Dataset records
%%

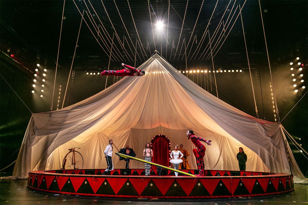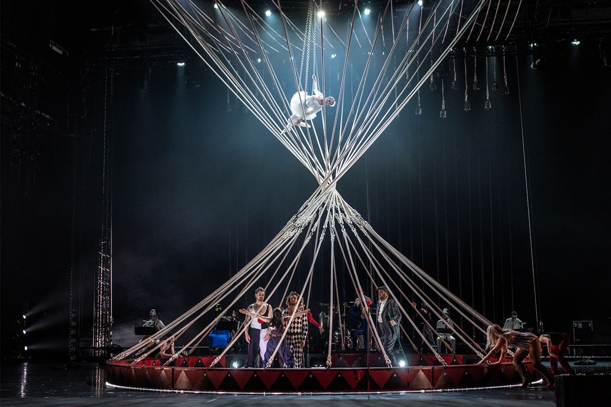 Autour de cette assise poétique et philosophique d'un minimalisme quasi-naïf, le librettiste David Henry Hwang pour sa quatrième collaboration avec Philip Glass ( 1000 Airplanes on the roof, The Voyage, The Sound of a Voice) a élaboré, avec Tilde Bjöfors, une trame qui ramène à la surface de la mémoire les souvenirs du poète consécutifs à sa rencontre, en 1949, avec le cirque de la famille Cristiani, dont il partagea un temps le répétitif quotidien : entraînement, montage du chapiteau, performance. L'on songe dès le début aux visions du regretté Cirque Plume, autre cirque sans animaux mais avec compositeur attitré (Robert Miny) où tout était musique, poésie, humour, où tout tournait, comme ici, autour de l'humain. Un quotidien adonné au mouvement perpétuel, que la mise en scène de Tilde Bjöfors, accordé aux mots simplissimes du poète, donne à voir en convoquant tous les trucs de son art : de vaporeux voilages séduisent d'emblée, qui dessinent les contours d'un chapiteau dont on soulève les tentures, une arène tournoyant sur une spirale galactique devenant ensuite couronne de lumière dans les airs, d'inextricables entrelacs de cordages. Acrobates, trapézistes, femme à barbe, clowns, jongleurs, funambules, maître de cérémonie, gréeurs de chapiteau… ils sont tous là, laterna magica d'un Lax à l'enthousiasme mémoriel intact. Le jeu d'orgues est à fond. Jonglages virtuoses et vertigineuses envolées trapézistes calés sur la musique, voient leur intérêt magnifié par la hauteur de l'inspiration glassienne, bien éloignée, on s'en doute du clinquant de certaines partitions circassiennes de jadis. C'est donc avec une âme d'enfant retrouvée que l'on reçoit la grâce effective de ce spectacle total et troublant, puisque la troupe et la musique (aux lignes prudentes en terme d'ambitus) entretiennent la plus malicieuse des confusions entre ceux qui sont d'authentiques chanteurs d'opéras (outre le rôle principal, Karolina Blixt, Lars Johansson Brissman, Susanna Stern) et les autres.
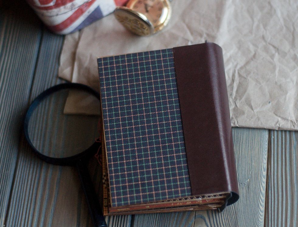 вырезала странички. Обратите внимание, бумага двусторонняя, одна сторона спокойная, вторая-с черепами, пауками.Ее я не использую.Беру стороны с клетками, лупой, геометрическими фигурками
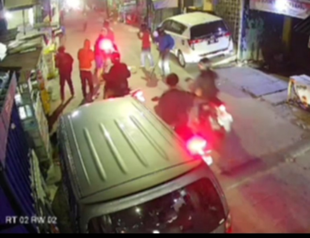 Saat saling kejar ada salah satu orang dari kelompok yang terlibat tawuran terjatuh dan saat itulah terjadi pembacokan bertubi-tubi menghujam tubuh nya.
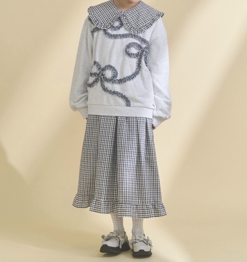 存在感たっぷりのギンガムチェックのリボンを立体的にあしらった一枚。
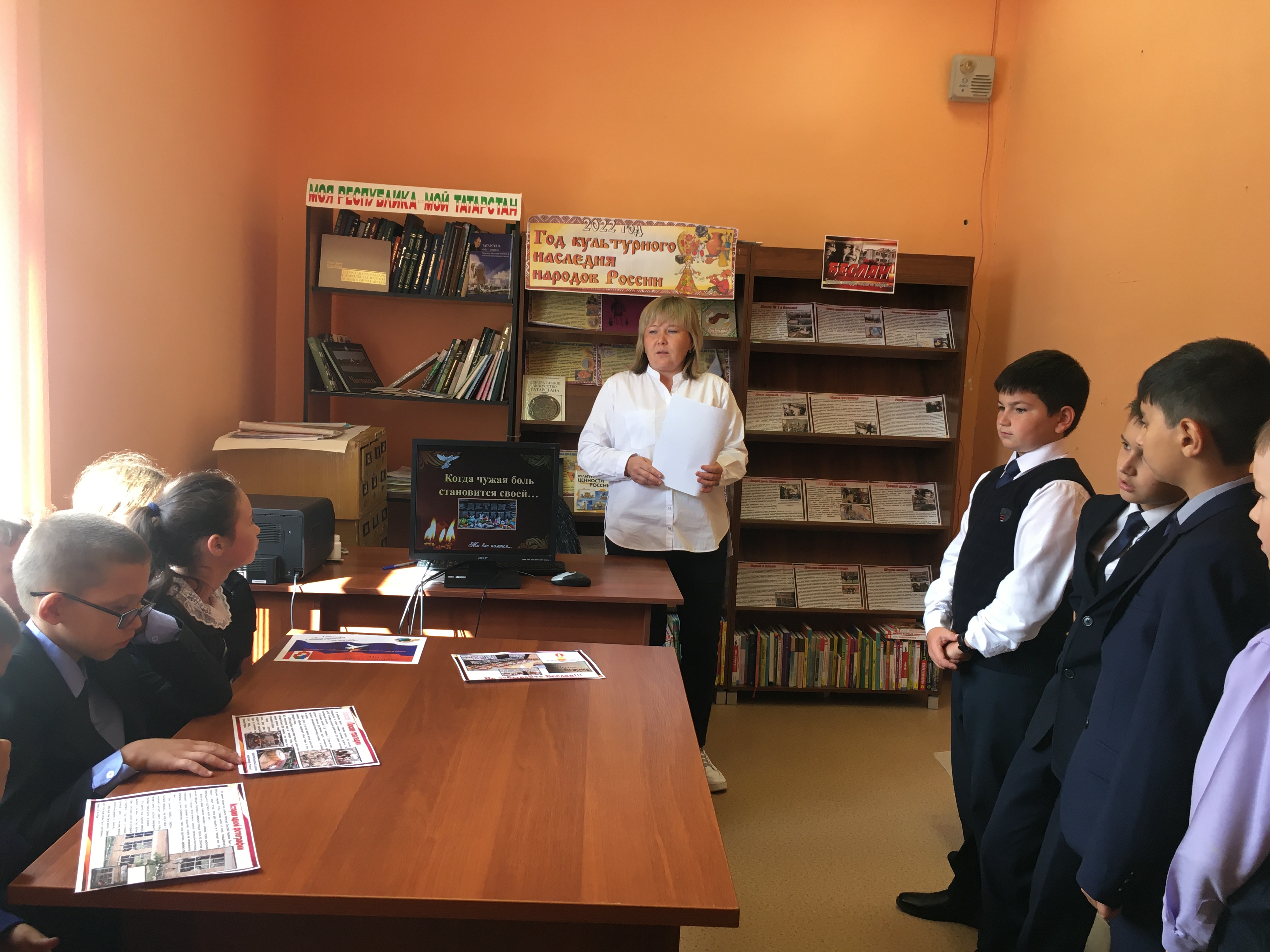 В этот день Юлдузская сельская библиотека совместно с методистами СДК и учениками 5 класса провели час памяти «Сгорая, плачут свечи». При помощи слайд – презентации «Когда чужая боль становится своей…» познакомили учащихся с хроникой событий, рассказали о жестокости и бесчеловечности террористов, об отваге и мужестве спецназа, учителей и воспитателей, о страхе детей. В ходе мероприятия были раскрыты понятия таких слов как: «терроризм», «теракт» и причины, порождающие желание совершать террористические акты. Затем вместе обсудили, как нужно себя вести в чрезвычайных ситуациях, при обнаружении подозрительных предметов, брошенных автомобилей, встрече с подозрительными людьми. Для читателей в библиотеке была подготовлена выставка «Беслан трагедия, которую никто не забудет».
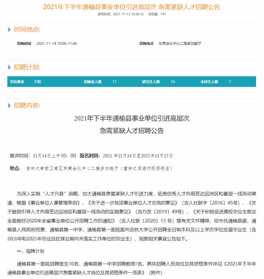 2021年下半年通榆县事业单位引进高层次急需紧缺人才招聘公告-永利yl23411就业网(jlu.edu.cn)
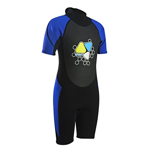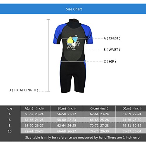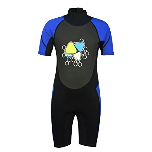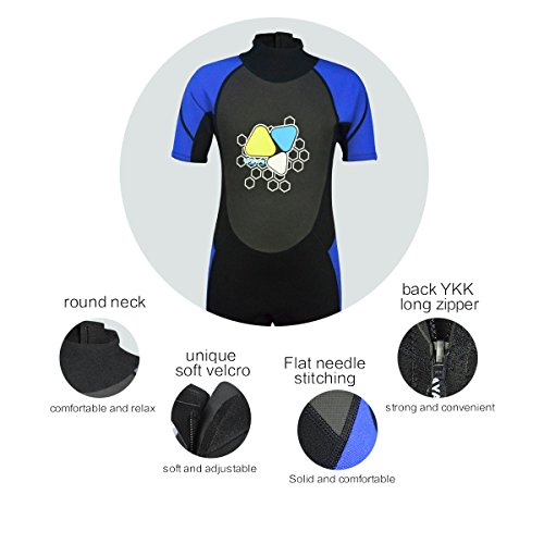Kids Wetsuits 2mm Neoprene shorty wetsuit for Boys Girls One Piece Swimsuit UV Protection-Brand Layatone (Blue, 6)

%%

**What you need to do**
Because only the text is wanted, repeat all the entries exactly and leave out the pictures.

**Result of this task**
 Autour de cette assise poétique et philosophique d'un minimalisme quasi-naïf, le librettiste David Henry Hwang pour sa quatrième collaboration avec Philip Glass ( 1000 Airplanes on the roof, The Voyage, The Sound of a Voice) a élaboré, avec Tilde Bjöfors, une trame qui ramène à la surface de la mémoire les souvenirs du poète consécutifs à sa rencontre, en 1949, avec le cirque de la famille Cristiani, dont il partagea un temps le répétitif quotidien : entraînement, montage du chapiteau, performance. L'on songe dès le début aux visions du regretté Cirque Plume, autre cirque sans animaux mais avec compositeur attitré (Robert Miny) où tout était musique, poésie, humour, où tout tournait, comme ici, autour de l'humain. Un quotidien adonné au mouvement perpétuel, que la mise en scène de Tilde Bjöfors, accordé aux mots simplissimes du poète, donne à voir en convoquant tous les trucs de son art : de vaporeux voilages séduisent d'emblée, qui dessinent les contours d'un chapiteau dont on soulève les tentures, une arène tournoyant sur une spirale galactique devenant ensuite couronne de lumière dans les airs, d'inextricables entrelacs de cordages. Acrobates, trapézistes, femme à barbe, clowns, jongleurs, funambules, maître de cérémonie, gréeurs de chapiteau… ils sont tous là, laterna magica d'un Lax à l'enthousiasme mémoriel intact. Le jeu d'orgues est à fond. Jonglages virtuoses et vertigineuses envolées trapézistes calés sur la musique, voient leur intérêt magnifié par la hauteur de l'inspiration glassienne, bien éloignée, on s'en doute du clinquant de certaines partitions circassiennes de jadis. C'est donc avec une âme d'enfant retrouvée que l'on reçoit la grâce effective de ce spectacle total et troublant, puisque la troupe et la musique (aux lignes prudentes en terme d'ambitus) entretiennent la plus malicieuse des confusions entre ceux qui sont d'authentiques chanteurs d'opéras (outre le rôle principal, Karolina Blixt, Lars Johansson Brissman, Susanna Stern) et les autres.
 вырезала странички. Обратите внимание, бумага двусторонняя, одна сторона спокойная, вторая-с черепами, пауками.Ее я не использую.Беру стороны с клетками, лупой, геометрическими фигурками
 Saat saling kejar ada salah satu orang dari kelompok yang terlibat tawuran terjatuh dan saat itulah terjadi pembacokan bertubi-tubi menghujam tubuh nya.
 存在感たっぷりのギンガムチェックのリボンを立体的にあしらった一枚。
 В этот день Юлдузская сельская библиотека совместно с методистами СДК и учениками 5 класса провели час памяти «Сгорая, плачут свечи». При помощи слайд – презентации «Когда чужая боль становится своей…» познакомили учащихся с хроникой событий, рассказали о жестокости и бесчеловечности террористов, об отваге и мужестве спецназа, учителей и воспитателей, о страхе детей. В ходе мероприятия были раскрыты понятия таких слов как: «терроризм», «теракт» и причины, порождающие желание совершать террористические акты. Затем вместе обсудили, как нужно себя вести в чрезвычайных ситуациях, при обнаружении подозрительных предметов, брошенных автомобилей, встрече с подозрительными людьми. Для читателей в библиотеке была подготовлена выставка «Беслан трагедия, которую никто не забудет».
 2021年下半年通榆县事业单位引进高层次急需紧缺人才招聘公告-永利yl23411就业网(jlu.edu.cn)
Kids Wetsuits 2mm Neoprene shorty wetsuit for Boys Girls One Piece Swimsuit UV Protection-Brand Layatone (Blue, 6)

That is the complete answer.